The FDA said Friday the deaths it was investigating so far all involved children, mostly cerebral palsy patients being treated for spasticity in their legs. The FDA has never formally approved that use for the drugs, but some other countries have.
However, it warned that it also was probing reports of illnesses in people of all ages who used the drugs for a variety of conditions, including at least one hospitalization of a woman given Botox for forehead wrinkles.
The FDA wouldn't say exactly how many reports it was probing.
"We're not talking hundreds. It's a relative handful," said Dr. Russell Katz, FDA's neurology chief.
But the agency warned that patients receiving a botulinum toxin injection for any reason - cosmetic or medical - should be told to seek immediate care if they suffer symptoms of botulism, including: difficulty swallowing or breathing, slurred speech, muscle weakness, or difficulty holding up their head.

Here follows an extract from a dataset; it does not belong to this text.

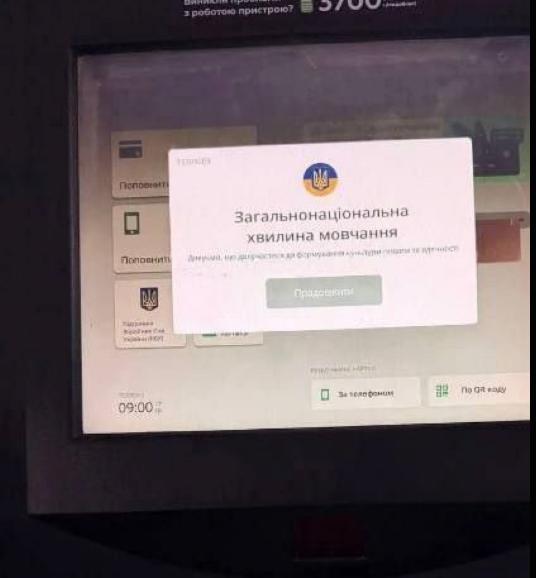 Банкоматы на Украине начали требовать отстоять "минуту молчания" для получения денег. Новшество заметили на экранах банкоматов "Приват-банка".
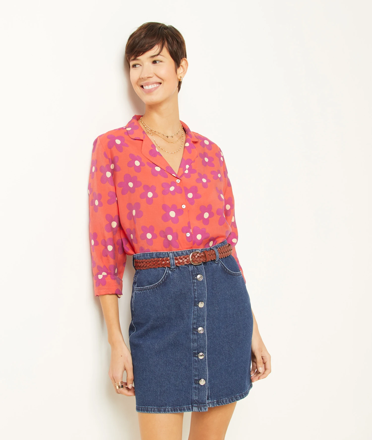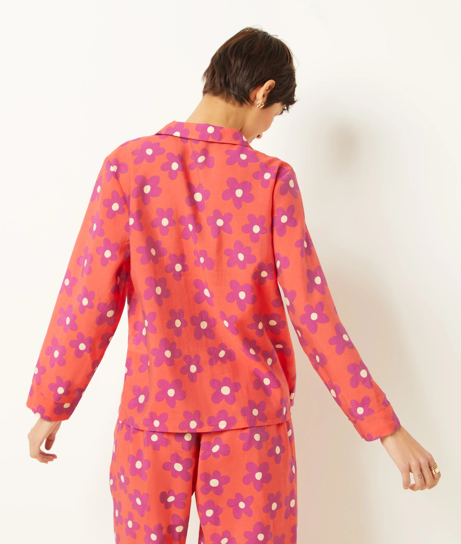 Seidig Schimmerndes Pyjamahemd Mit Print ORANGE

"I think people should be aware there's a potential for this to happen," Katz said. "People should be on the lookout for it."
Only two weeks ago the consumer advocacy group Public Citizen had petitioned the FDA to strengthen warnings to users of Botox and Myobloc - citing 180 reports of U.S. patients suffering fluid in the lungs, difficulty swallowing or pneumonia, including 16 deaths.
Nor is it the first warning. The drugs' labels do warn about the potential for botulinum toxin to spread beyond the injection site and occasionally kill, but the warnings link that side effect to patients with certain neuromuscular diseases, such as myasthenia gravis.
That's what's different about these latest cases, said FDA's Katz: The botulism toxin seems to be harming people who don't have that particular risk factor. (Cerebral palsy involves a brain injury, not a disease.)
Still, the FDA cautioned that its investigation was in the early stages. It has asked Botox maker Allergan Inc. and Myobloc maker Solstice Neurosciences Inc. to provide additional safety records.
Allergan spokeswoman Caroline Van Hove said children with cerebral palsy received far larger doses injected into their leg muscles than the doses given adults seeking wrinkle care.
In a statement, Solstice said it supported FDA's probe but stressed that the agency hadn't concluded the drug posed any new risk.
While the FDA said the problems migh be related to overdoses, it also had reports of side effects with a variety of doses.
Public Citizen's Dr. Sidney Wolfe criticized FDA's warning as falling short. He asked that the agency order a black-box warning, the FDA's strongest type, be put on the drugs' labels and require that every patient receive a pamphlet outlining the risk before each injection.
"Every doctor needs to notified about this, every patient needs to be notified," Wolfe said. "Children are showing the way, unfortunately some dead children."
He said drug regulators in Britain and Germany last year required that sterner warnings be sent to every doctor in those countries.